Our new Launch feature makes managing complex machine learning workflows a whole lot easier. Learn how to get started today.
Created on November 14|Last edited on November 16

Introduction

W&B Launch was built to help ML engineers take advantage of specialized hardware and powerful compute resources to run more experiments. But running more experiments at dramatically increased scale requires ML and MLOps teams to rapidly alter both model configuration (hyperparameters and training data) and hardware requests as seamlessly as possible.
With the introduction of Queue Config Templating for W&B Launch, we want to make it even easier for ML engineers to alter their compute configurations, and for MLOps engineers to administer and manage secure guardrails to ensure responsible compute consumption.
Admins can now add template variables to their queue configurations for key fields like memory, GPU, and duration. ML engineers can quickly alter these fields whenever they launch a new job. Admins can also set defaults, mins, and maxes for each of these fields in an optimal way that allows their ML team to effectively and efficiently use the pool of resources together.
Here’s a walkthrough example of how to set up queue allowlisting for your ML engineers:
First, head to your user settings page and toggle on the Launch allow list feature flag.
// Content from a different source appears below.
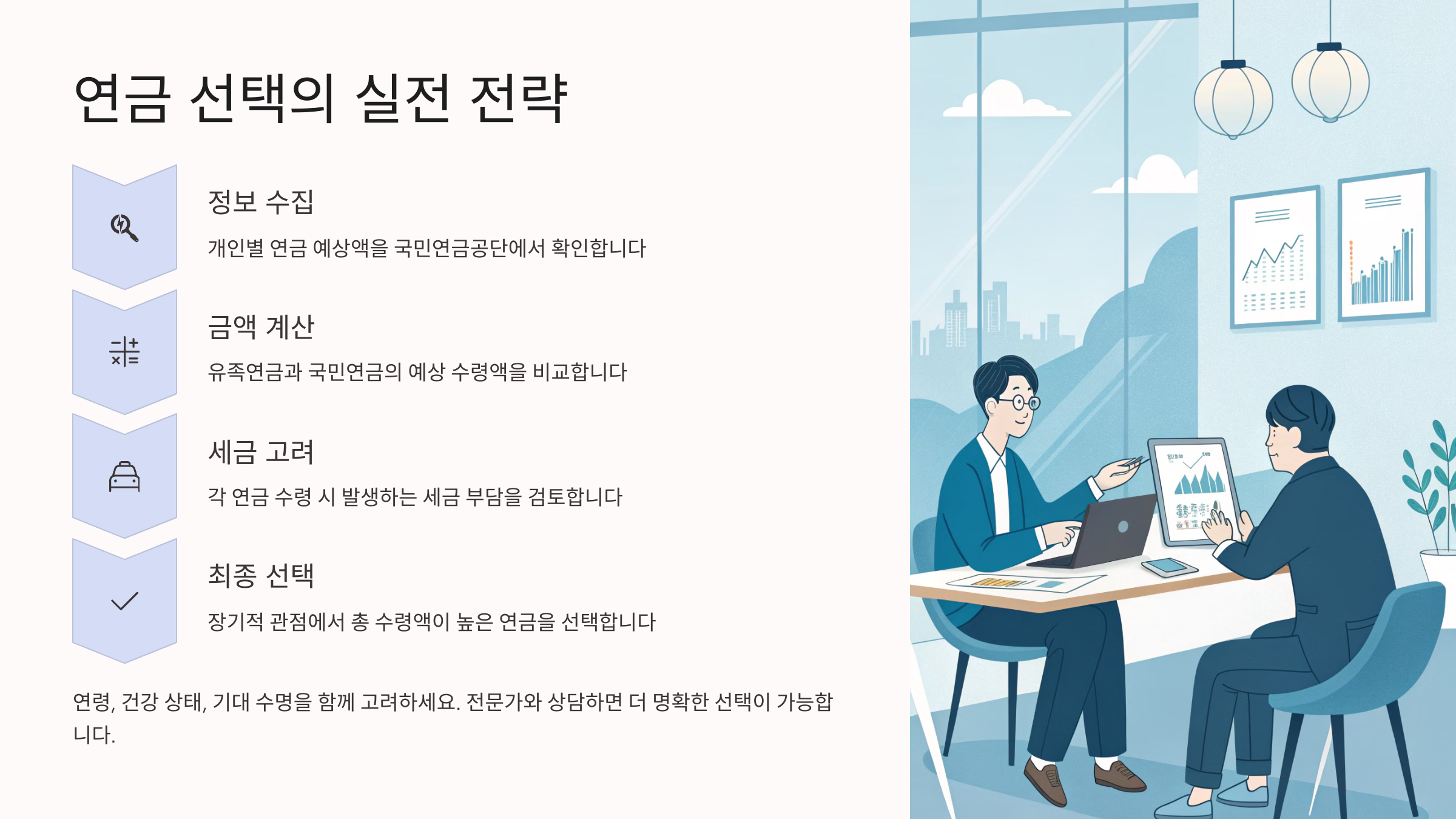 유족연금과 국민연금, 둘 다 받을 수 있다면 어떻게 선택해야 할까요? 핵심은 총 수령액이 더 많은 조합을 선택하는 거예요. 무작정 유족연금만 받거나, 국민연금만 선택하면 손해 볼 수도 있어요.💰

MLOps: Queue Configuration

Next, we need to work with MLOps to configure our queue (in this example, a Kubernetes queue). Let’s edit the queue config to add templated fields for memory, GPUs, and maximum run time.

Note that we need to append units (in this case (Mi) when requesting memory. We’ve also added metadata fields for W&B project and entity to observe that usage in our Kubernetes console.
When we click Parse configuration, we’ll see tiles for each of the three templated fields appear below. This is where we’ll edit the display name, min/max/default values, and label for the field.
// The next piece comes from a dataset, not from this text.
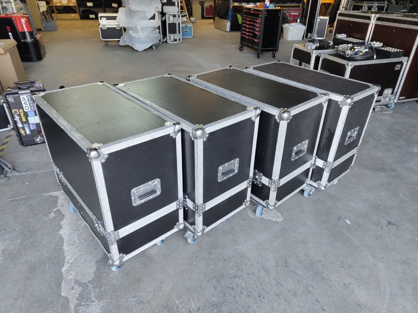 Die Lautsprecher wurden geprüft und sind technisch einwandfrei. Zum Lieferumfang gehören die passenden Cases, wodurch das Set direkt transport- und einsatzbereit ist. Die Case-Maße betragen 88 x 45 x 83 cm.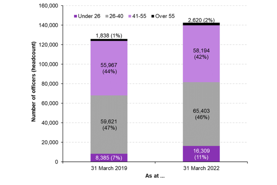 Since April 2020, 94.7% of all new police officer recruits were aged 40 or under (and 54.7% of new recruits were under 26). Only 0.2% of new recruits were over the age of 55.

These fields can also include enumerations of strings, like specific base images you’ve created, specific GPU types on your cluster (e.g. A100 vs. H100), or instance types in a cloud environment (e.g. p2.large vs. p3.2xlarge).
Once we save the config, our ML engineers will see a new experience when launching jobs to this queue.
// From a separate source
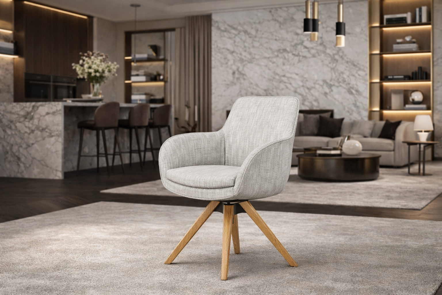 Model K-35 to bardziej masywna i komfortowa propozycja krzesła z podłokietnikami, zaprojektowana z myślą o nowoczesnych, eleganckich wnętrzach. Wyraźnie zarysowana bryła, miękkie linie oraz wygodne siedzisko sprawiają, że krzesło doskonale sprawdzi się zarówno przy stole jadalnianym, jak i w salonie czy strefie wypoczynkowej.

ML Engineers: Requesting Resources

Now when we select this queue to launch a job to, we'll see each of the fields we just curated:

We can now easily change our configuration requests for each of these fields depending on the context of the job and scenario and with limit ranges clearly displayed, and then submit the job as usual. We can still see the full configuration if we want but note that non-admins cannot edit the raw queue configuration. This allows admins to expose powerful compute clusters fairly and equitably to all members of the team without having to worry about configurations changing.
Queue Config Templating for W&B Launch is currently available behind a User Settings feature flag for all W&B users in Cloud, Dedicated Cloud, and Customer Managed environments. Toggle it on to try it out for yourself, and please reach out if you have any questions about Queue Config Templating or refer to Launch docs for more information.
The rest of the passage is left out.